Stored items from a collection:
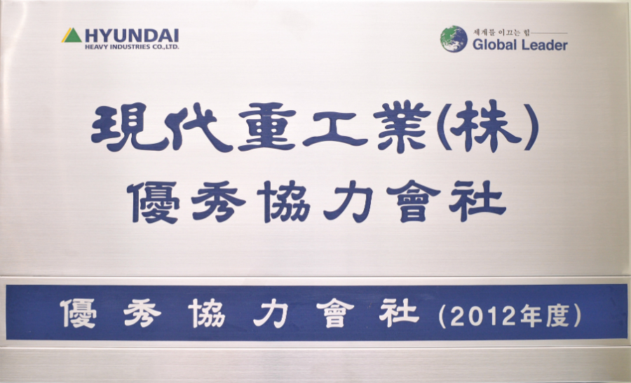 현대중공업으로부터 품질개선과 납기준수 노력으로 생산성 향상과 고객 신뢰도 증대에 기여한 공을 인정 받아 2012년도 우수협력회사로 선정되었습니다.
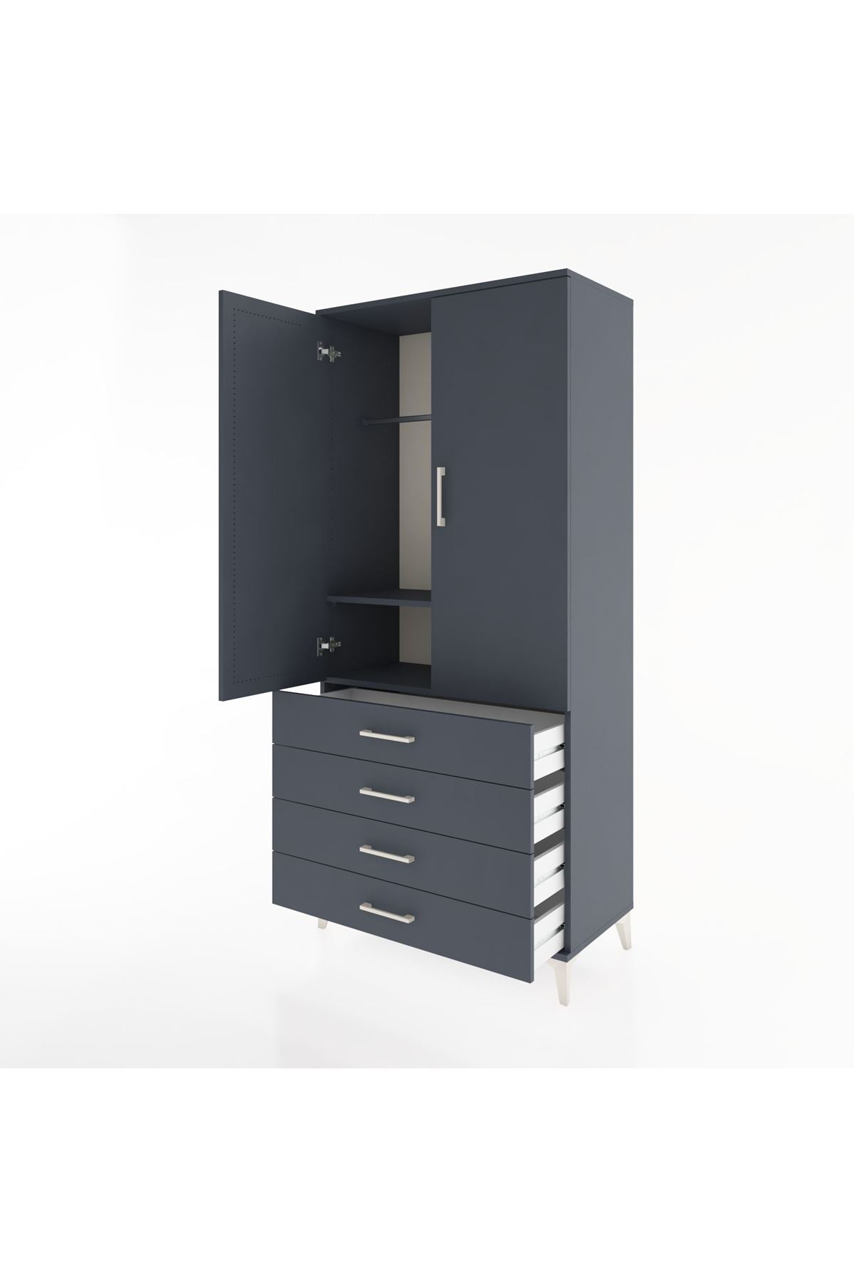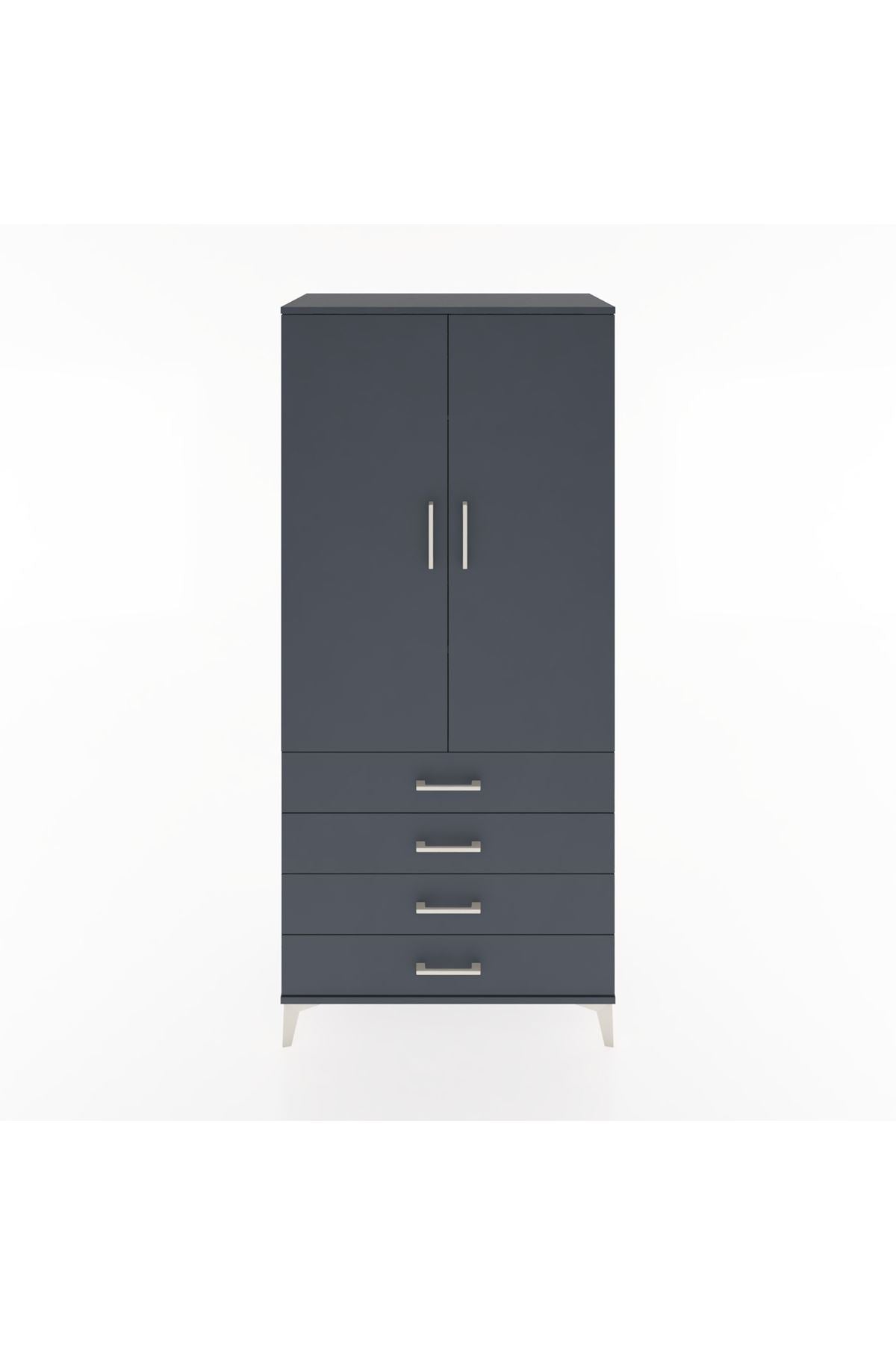 Hyperion Dolap 2 Raflı 4 Çekmeceli Tek Askılı 88x44x195 Antrasit-Antrasit
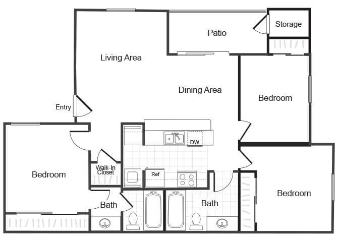 Modelo de apartamento: C13 Dormitorios, 2 Baños, 1100 sq ftNo Disponible![]()
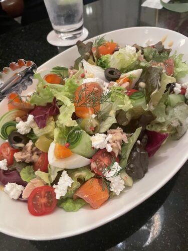 無事打ち合わせが終わってお腹が減ったのでついでに夕食も取って帰りましょうかということでまずはサラダをお願いしました。美しいサラダが登場しました!ボリュームも満点!二人で食べきれるか心配になりますがこれが美味しいので全然食べれちゃうんですよ~!
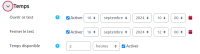 L’accès aux paramètres permet d’ajuster les restrictions notamment au niveau des rubriques Temps pour un test ou Disponibilité pour un devoir, Réglages courants et Restrictions d’accès :
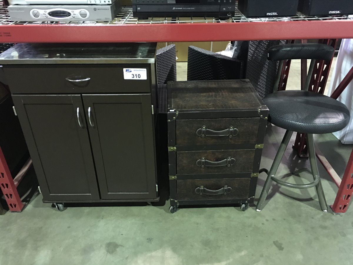 GROUP OF 3 FURNITURE PIECES - KITCHEN ISLAND CABINET, 3 DRAWER ROLLING STORAGE UNIT & BAR STOOL
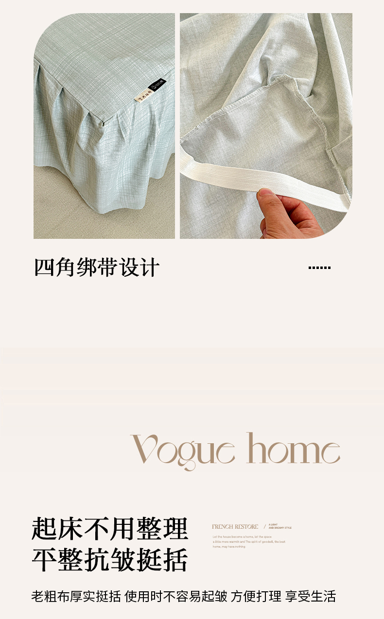 (总)布柔 2025新款高克重双层纱仿麻皱皱纱原麻床笠,泡芙粉,泡芙咖,泡芙蓝
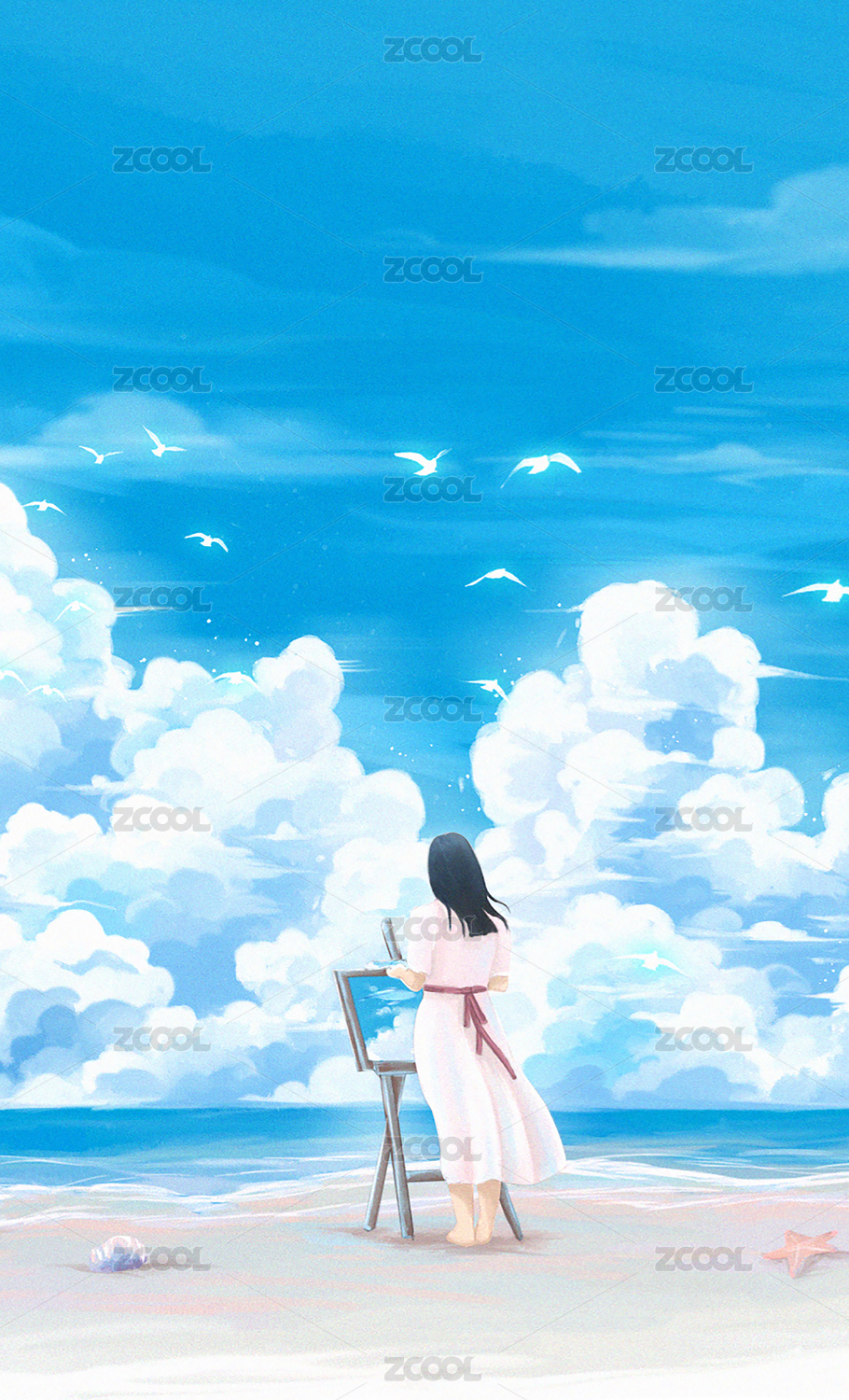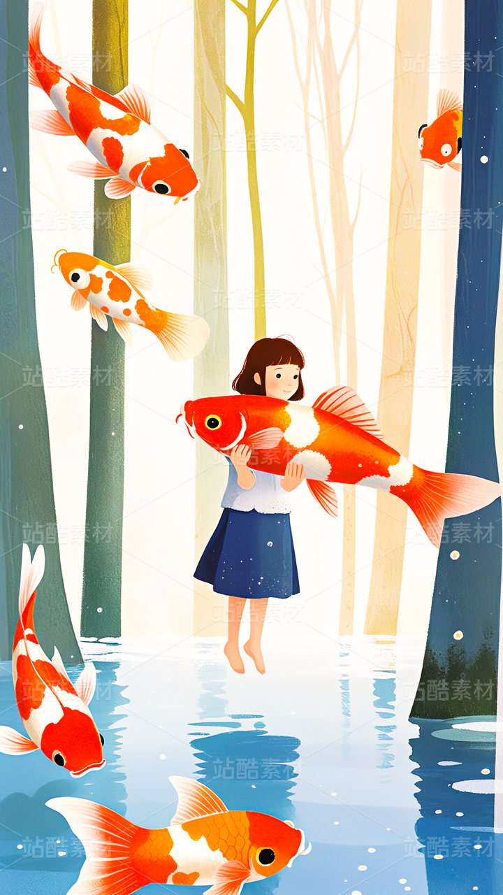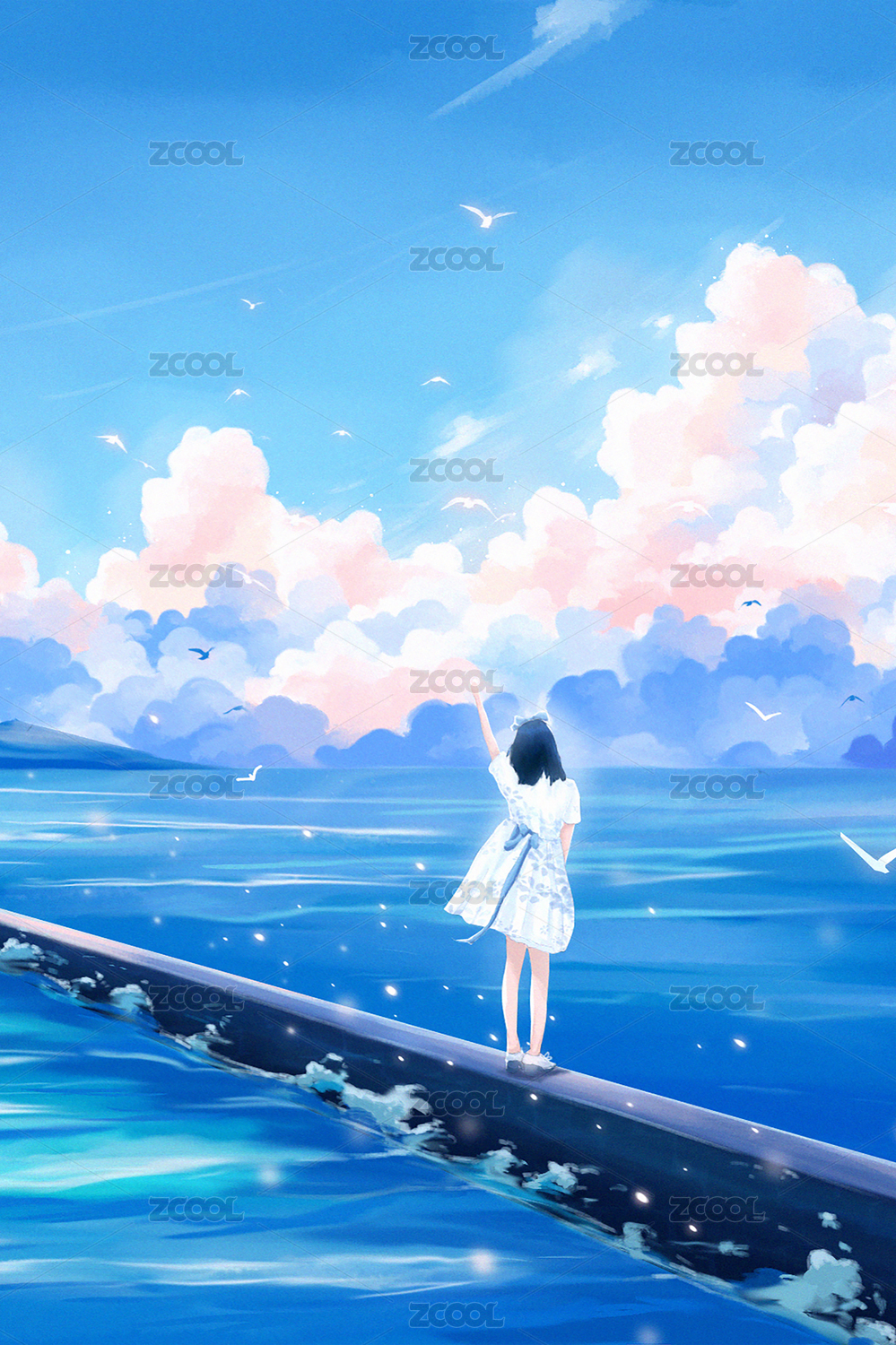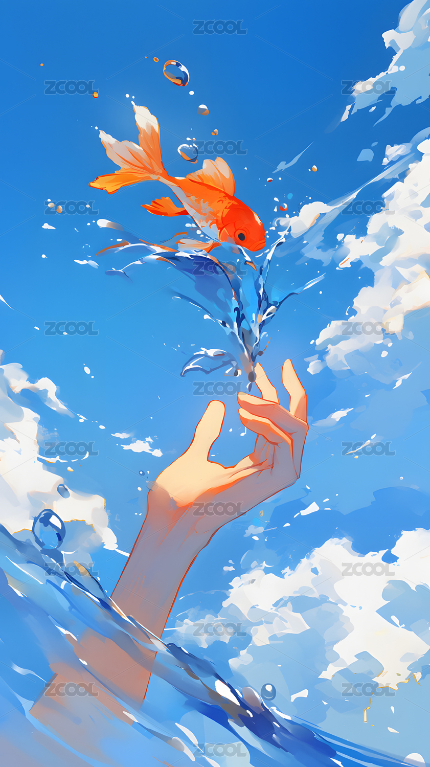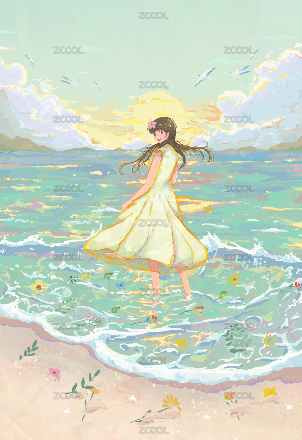 梦幻,花朵,白色,少女,海边,浪漫,金鱼,海浪,长发

* **Work instruction**: Using the data above, transcribe exactly the lines between those containing "無事打ち合わせが終わってお腹" and "GROUP OF 3 FURNITURE", inclusive, and leave every picture behind.

* **Reply**:
 無事打ち合わせが終わってお腹が減ったのでついでに夕食も取って帰りましょうかということでまずはサラダをお願いしました。美しいサラダが登場しました!ボリュームも満点!二人で食べきれるか心配になりますがこれが美味しいので全然食べれちゃうんですよ~!
 L’accès aux paramètres permet d’ajuster les restrictions notamment au niveau des rubriques Temps pour un test ou Disponibilité pour un devoir, Réglages courants et Restrictions d’accès :
 GROUP OF 3 FURNITURE PIECES - KITCHEN ISLAND CABINET, 3 DRAWER ROLLING STORAGE UNIT & BAR STOOL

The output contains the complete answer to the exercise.